A moving average calculates the average price of a share over a given period of time and can be helpful in identifying the general trend of a stock by smoothing out price fluctuations.

There are a number of ways to interpret a moving average but generally prices above the moving average indicate a bullish trend and prices below the moving average indicate a bearish trend.

ShareScope allows you to add a number of different moving average types and set accompanying options and we will look at each option in turn.


 Moving Average Dialog

Moving averages can be added to the graph screen via the Moving Average dialog.

To access this option, right-click in the middle of the screen and select Moving Averages... from the context menu.

This displays the following dialog:

Here you can set up to 4 simple moving averages, customise the MA period and colour and add Bollinger Bands to your graph.
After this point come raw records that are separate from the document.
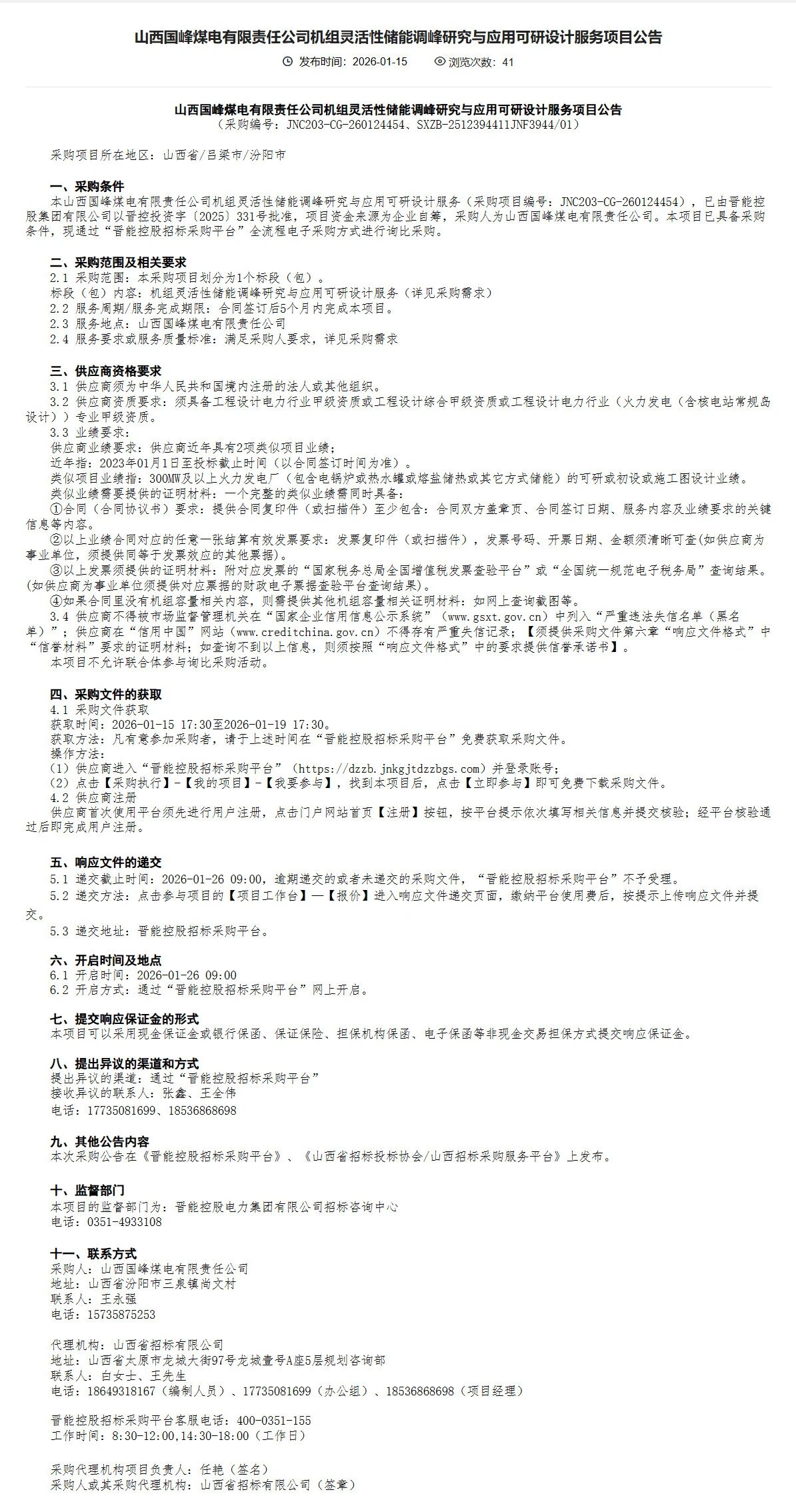 中國儲能網(wǎng)訊:1月15日,晉能控股集團下屬的國有火力發(fā)電企業(yè)山西國峰煤電有限責任公司就其機組靈活性儲能調峰研究與應用可研設計服務項目發(fā)布采購公告。
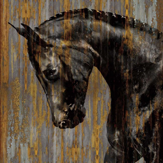 Black Stallion on Gold Gold Ornate Wood Framed Art Print with Double Matting by Rose, Martin
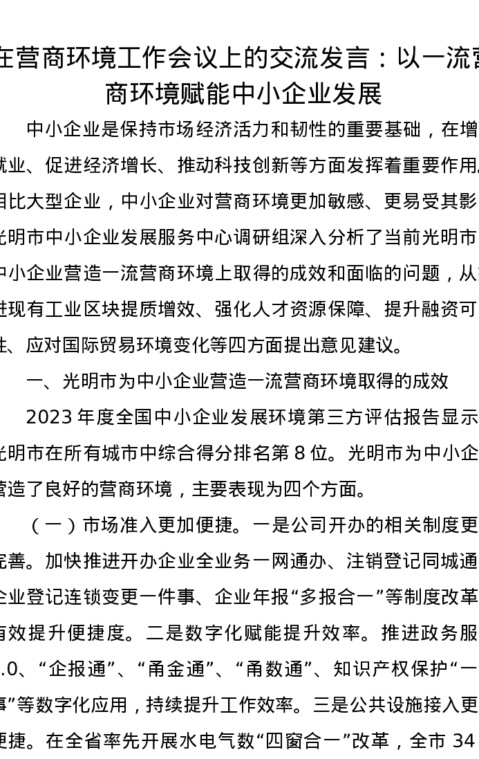 在营商环境工作会议上的交流发言:以一流营商环境赋能中小企业发展
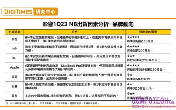 2023年第1季前六大品牌出貨皆將繼續季減,龍頭業者聯想通路庫存仍達6週以上,且主要巿場歐洲及中國前景不佳,預期出貨季減1成5以上;第二名惠普(HP)前季雖有少量訂單回補,但整體通路庫存亦高,第1季出貨預期相當保守,季減幅度恐破2成;第三名戴爾(Dell)前季因商務巿場表現不如預期,出貨已處較低基期,第1季衰退程度可望維持在1成上下。

Additional options can be found by clicking on the Advanced >> button.

In ShareScope Gold, the Advanced settings (below) allow you to edit the type and appearance of the moving average (simple, exponential, weighted, triangular or variable) and also specify the number of periods that the MA is calculated over. You can also add or edit Bollinger Bands, Envelopes and set various lagging options (see later).

In ShareScope Plus/Pro, clicking on the Advanced >> button displays a different dialog:

In addition to the 4 moving averages available in the Standard MA dialog, you can add up to 4 further lines, giving you a possible 8 in total.

A greater range of customisable options for each setting is available by clicking on the corresponding button - for example 10 SMA, Lagged.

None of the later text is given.